General managers of major operating units at Nike, P&G, Cisco, Tyco, Whirlpool and others are using organization design to create competitive advantage. These companies are also known for their outsized talent pools, but when great talent is channeled through well‐aligned organization, magic is possible, and it is a very difficult sauce to copy.

Good organization design leads to competitive advantage when it’s clear what the organization has to do very well to drive the strategy. And there are always trade‐offs. Specialization, for example, delivers strong functional excellence and cost effectiveness, but usually creates silos that can be difficult to integrate. Organization design is core work for leaders today, and it helps to learn a few simple frameworks.

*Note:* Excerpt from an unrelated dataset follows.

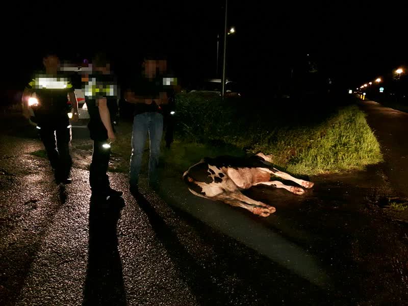 Uiteindelijk moest er een dierenarts aan te pas komen om de pink te verdoven. Inmiddels was de boer gewaarschuwd. Hij heeft het dier opgehaald en weer in het weiland bij de andere koeien gezet.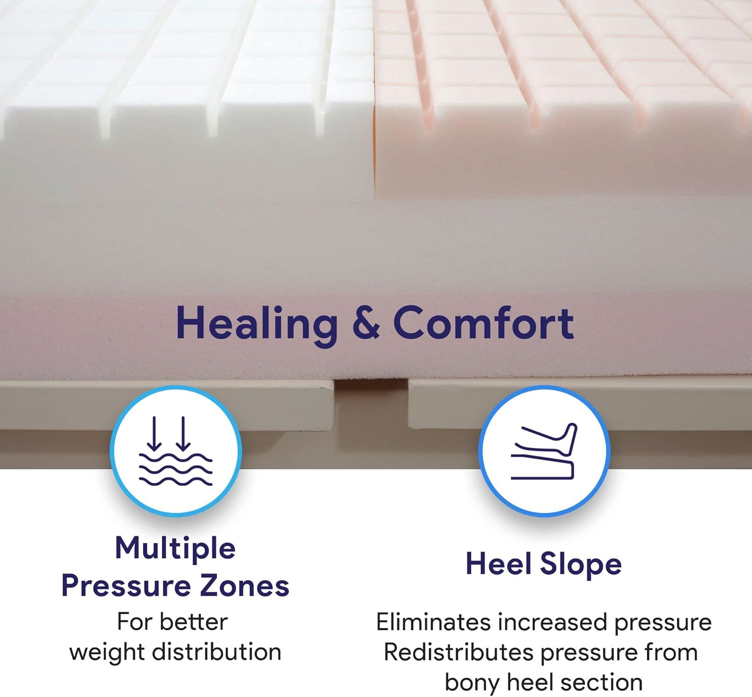 The PROEX Redistribution Foam Mattress is expertly engineered to deliver superior comfort, support, and pressure redistribution for patients at risk of developing pressure ulcers. Constructed with a 3-tiered, high-density European foam core, this mattress ensures optimal weight distribution and durability. The hospital-grade, waterproof cover is both anti-slip and easy to clean, providing a hygienic and secure sleeping surface. A 1/2 inch heel slope with visco elastic memory foam offers targeted protection for vulnerable areas, while compliance with CFR 16 Part 1633 federal fire code ensures safety. Available in multiple standard sizes, the PROEX Regular Mattress is ideal for hospitals, long-term care facilities, and home care settings, supporting patients up to 450 lbs.

We use a model in our practice that outlines six ways that a given organization can help bring competitive advantage to a business. You can’t have all six at one time – and each of the six is more or less useful, depending on your strategy. Let’s go through each of them.

1. Management Attention to the Right Things

At Johnson & Johnson, the quality function reports to the CEO today for reasons that are clear to anyone who’s followed business news. The same thing can be said for the safety, health and environment function at BP. This is the simplest way to make something a priority – to elevate it in the structure. Today, growth is critical to all businesses and many, like Tyco, are elevating emerging market leaders who run China or Brazil to sit at the executive table. Others, like Cisco, are separating out new product incubators in an effort to provide special focus for potential orphans. Management attention may also show up as a functional czar for a process, such as brand marketing or supply chain management that has been weak or missing in the past.

2. Leveraged Resources and Cost

Economies of scale are table stakes in many businesses, and potential sources of competitive advantage in others. Unless the organization is a true holding company, where there is no strategic reason to connect the operating units, most companies today are looking for smart ways to consolidate activities to bring efficiency to them. In many companies it’s about creating more cost headroom to allow more spending in new growth targets. Others look for a different kind of leverage – bringing together product‐development organizations in order to deliver fewer, bigger bets into the market. Consolidating product development across regions can also be a path to globalizing products.

3. More Coordination and Integration

Some organization designs are focused on maximizing the amount of integration across functions, businesses or regions. Product development today moves faster when functions are tied together into consumer‐aligned teams. When customer intimacy really matters coordination across country‐based sales teams or across businesses is often the target. There are matrix structures that are specifically designed to deliver this kind of coordination. Shared metrics, aligned pay programs and horizontal business processes are all tools to help drive more integration.